DETROIT (AP) — Two men were held for questioning Tuesday as part of an investigation into the slayings of four Detroit women whose bodies were found in car trunks after three of them placed online escort ads, police said.
The men, ages 32 and 24, were arrested Tuesday morning by members of a federal and local law enforcement task force in Sterling Heights, a mostly middle-class community north of Detroit. They had not been charged by late afternoon, Detroit police Sgt. Eren Stephens said. Police also searched a Sterling Heights home.
The men were “placed in police custody for questioning in regard to the Backpage cases,” Stephens said.
Detroit Police Chief Ralph Godbee has said three of the slain women had placed ads for “prearranged adult dating services” on Backpage.com, prompting investigators to publicly say late last year that someone may have been targeting escorts.
Godbee had stopped short of saying the slayings were the work of a serial killer.
Little other news about the cases had surfaced since the women’s bodies were found in December.
The bodies of 24-year-old Demesha Hunt and her 23-year-old cousin, Renisha Landers, were found Dec. 19 in separate car trunks in Detroit. The bodies of two more women — friends Natasha Curtis and Vernithea McCrary — were found Christmas Day in the trunk of burning car parked in a garage.
Relatives have said Hunt and Landers were not escorts.
Backpage.com said in late December that it had provided police with information about ads that a suspect may have posted on numerous websites.

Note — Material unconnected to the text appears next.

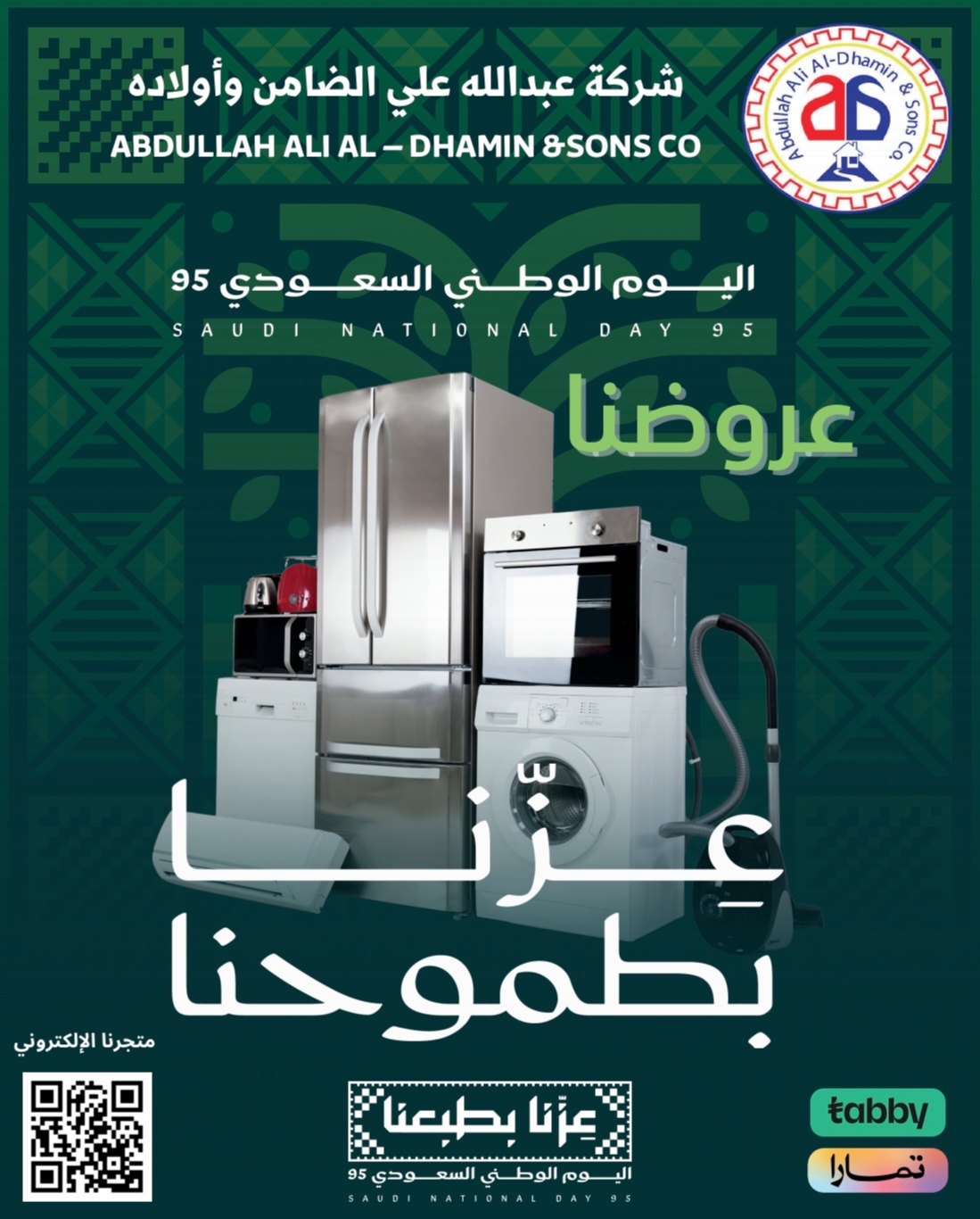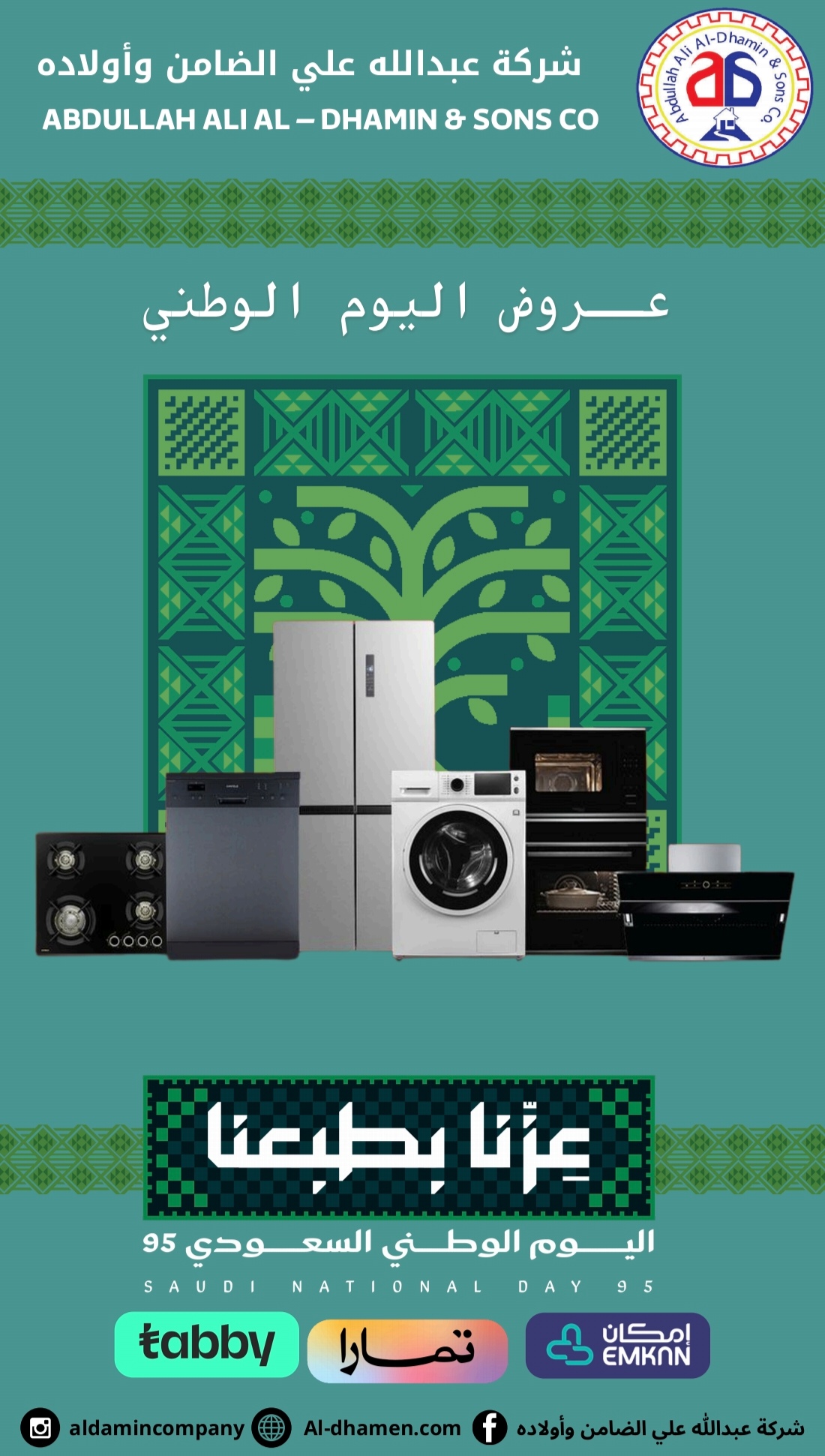 تعلن شركة عبدالله علي الضامن وأولاده عن عروض «اليوم الوطني الـ 95.. عزنا بطبعنا» على جميع الأجهزة الكهربائية والمنزلية المتنوعة والحديثة.
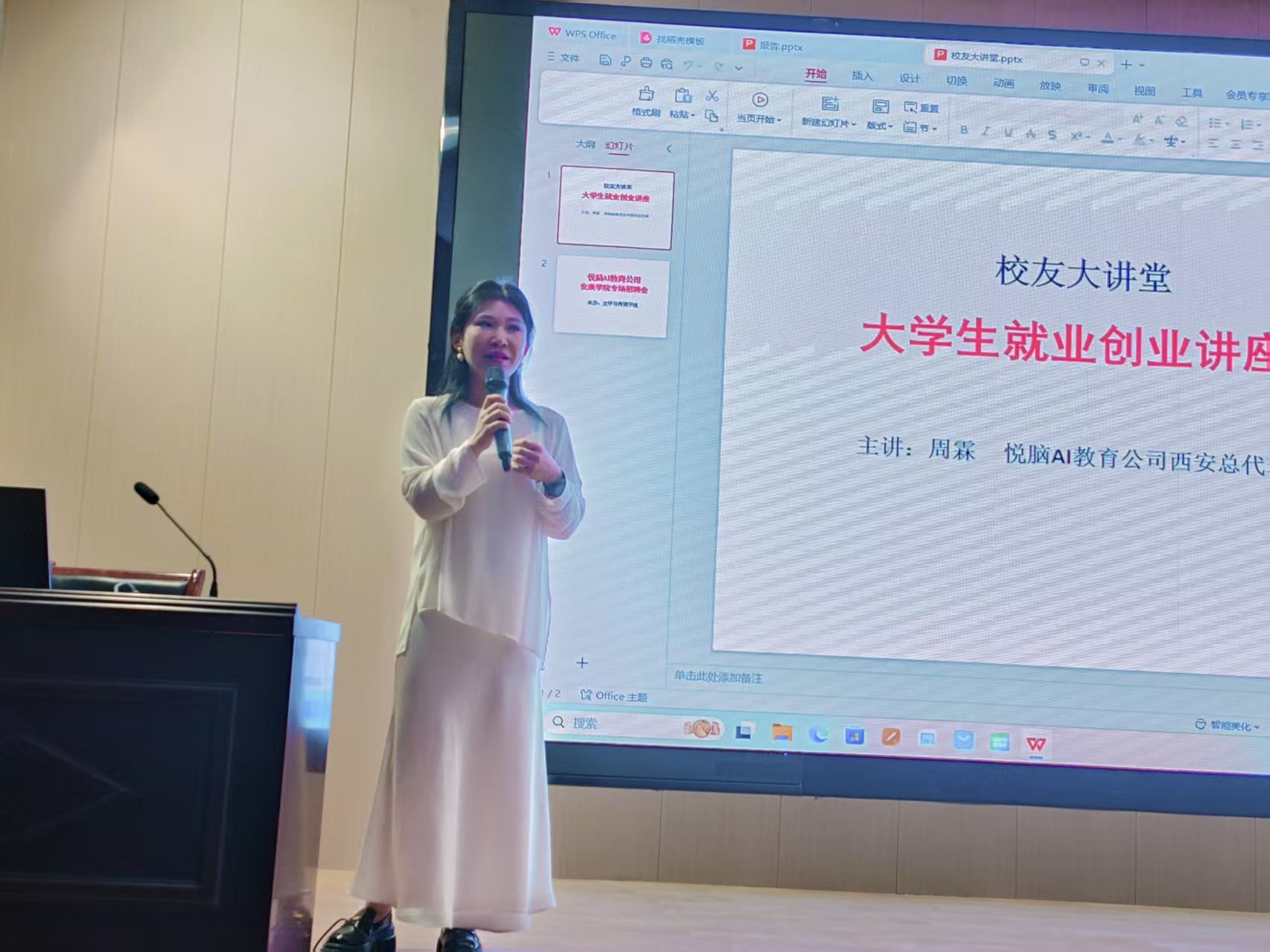 周霖校友以“青春和理想”为主题,结合自身经历展开分享。她回顾了自己的职业成长历程:从大学时期因就业压力陷入焦虑,到毕业后各行业间的不断尝试,最终实现创业梦想。她以创业过程中团队建设、资源整合、市场定位等实际案例,为在场学生提供具体建议:“创业不仅需要专业能力,更要学会在不确定性中寻找确定性。职业选择不是一蹴而就的,而是在持续实践中找到适合自己的方向。”周霖结合自身经历,建议大家:“兴趣是最好的导师,但职业发展需要将兴趣转化为可落地的技能。无论是考研深造还是直接就业,都要提前做好市场调研与个人定位。”她还特别提醒毕业生:“职业初期不必过分在意薪资高低,而应关注平台对能力的锻炼价值,为未来发展积累核心优势。”

It had come under criticism last year when attorneys general for 45 states raised concerns about how the site policed ads for adult services.

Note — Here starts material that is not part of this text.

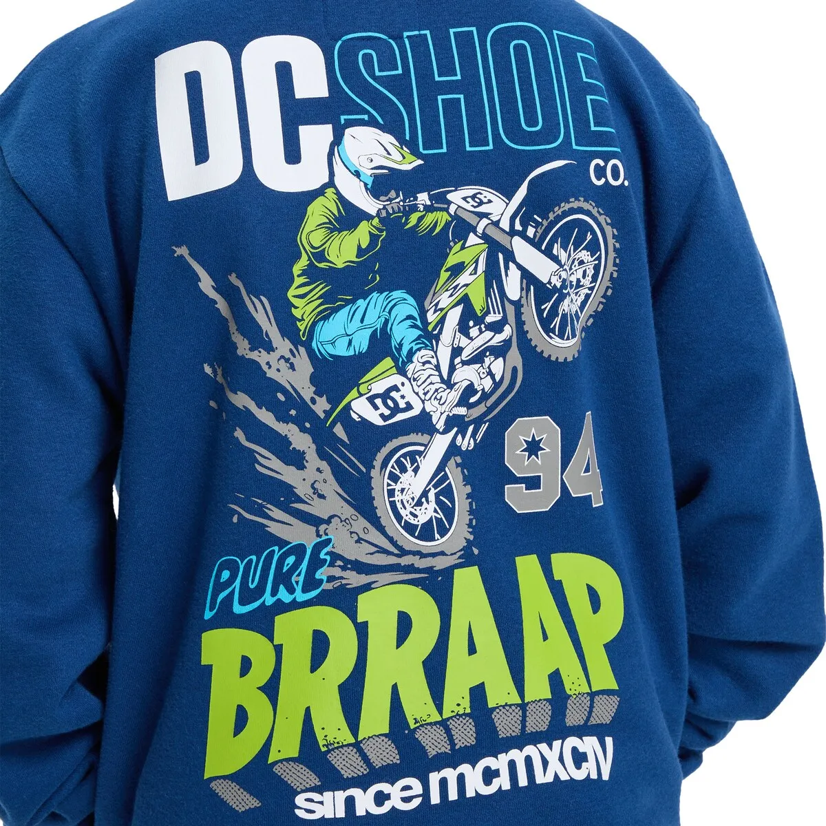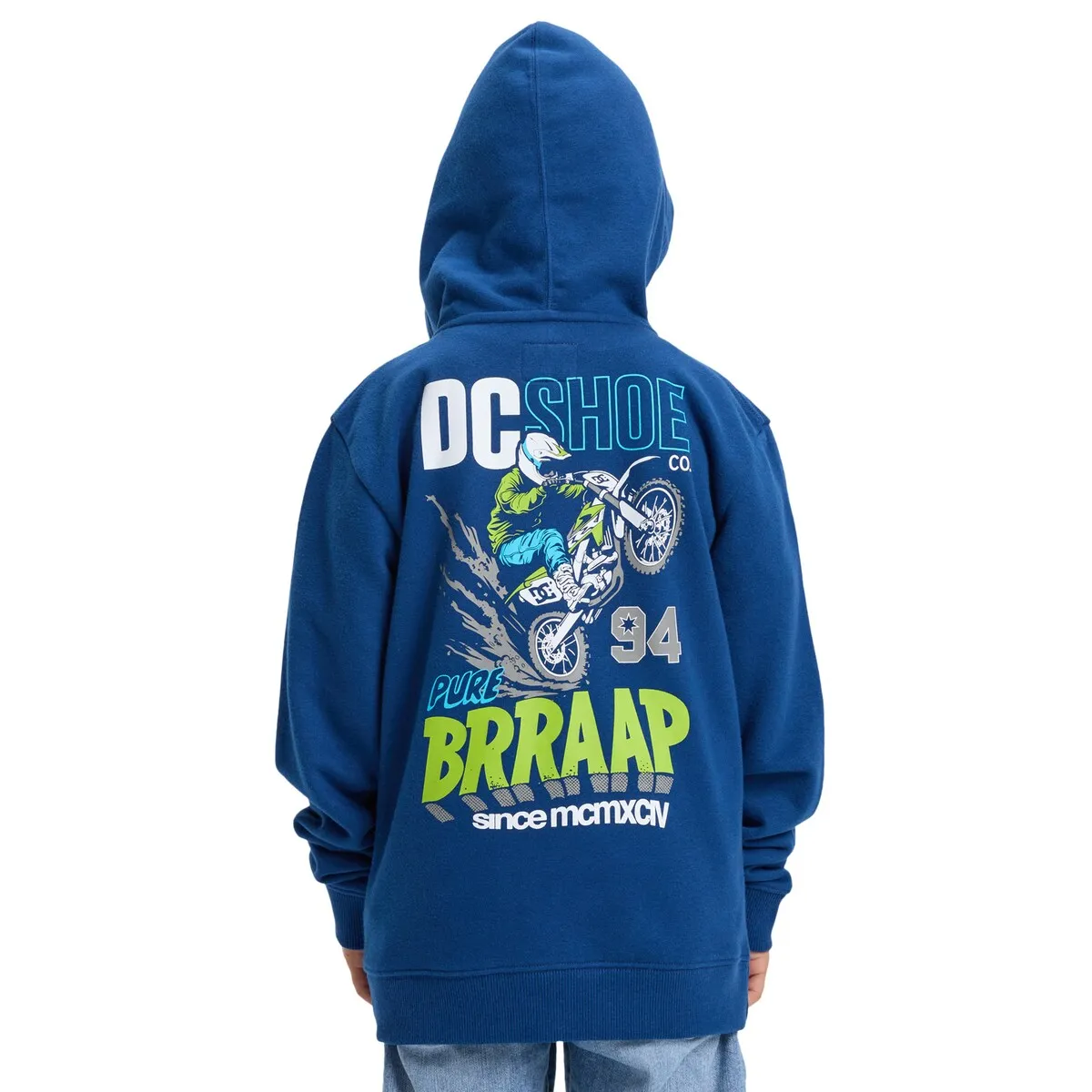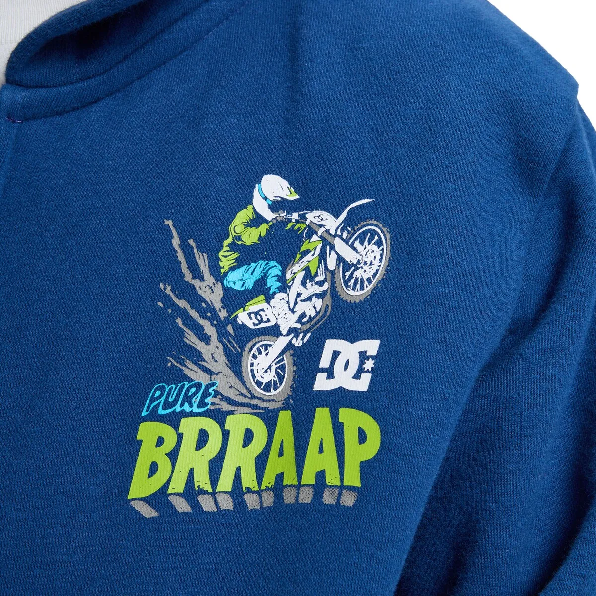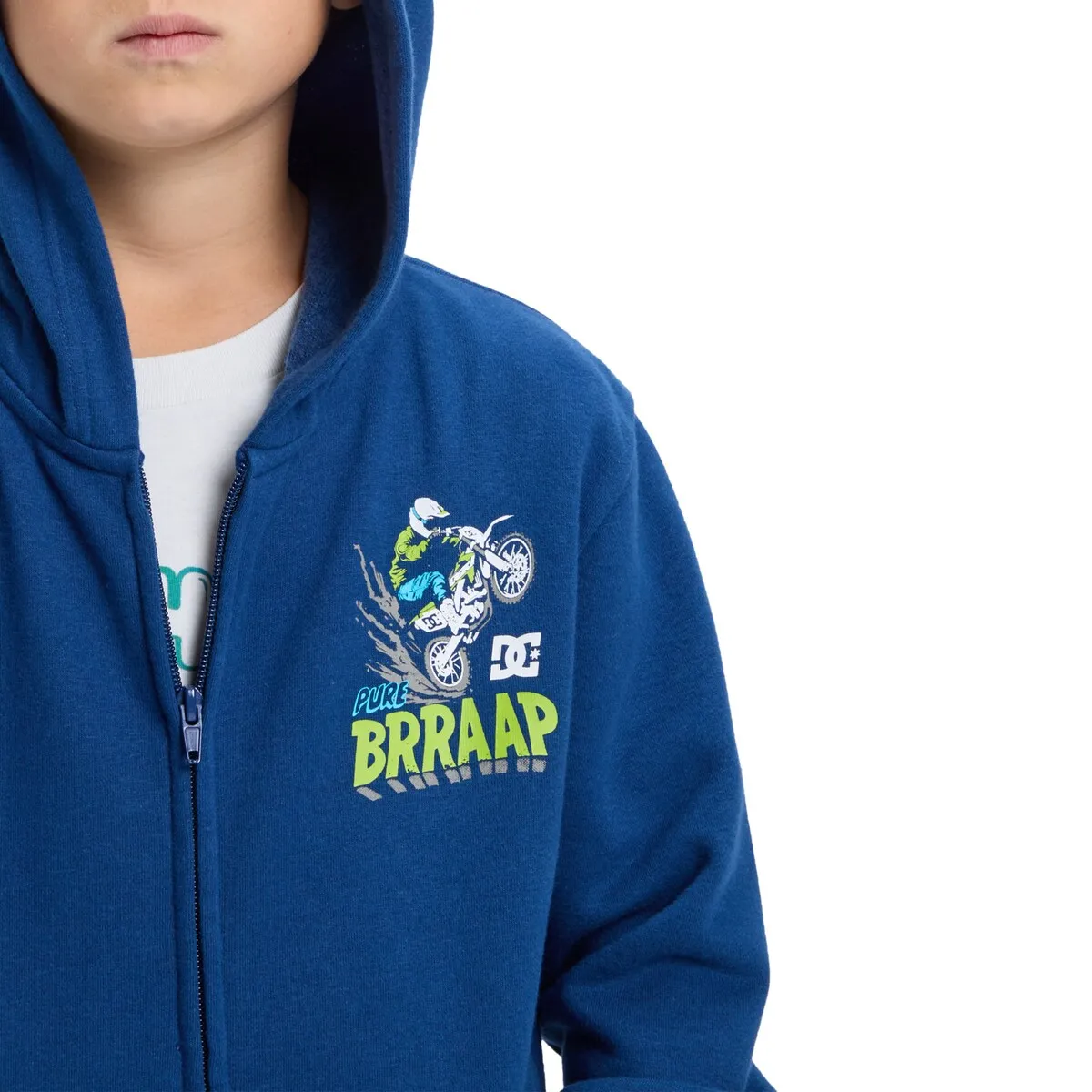 Толстовка с капюшоном и молнией для детей 8-16 лет. Характеристики включают: Ткань: французский терри с полумягкой задней стороной из хлопка средней плотности, переработанный хлопок и переработанный полиэстер [280 г/м²], стандартный крой, карманы кенгуру, печать из пластизоля на левой передней стороне и на спине, кантик на задней части воротника, нейлоновая спиральная молния с ротором спереди и детали DC RE и SOLVE.

Other online sites also have been used to post pay-for-sex ads. Such sites also have been used to lure in crime victims.
Three men were killed last year in a robbery scheme after answering ads on Craigslist that promised work on a nonexistent cattle farm in southeast Ohio.
Two Detroit men were convicted last year of murder in the ambush slaying of a man at a suburban motel. The victim went to the motel in June 2010 with the promise of a romantic encounter with a woman he met online. The man was then robbed and killed.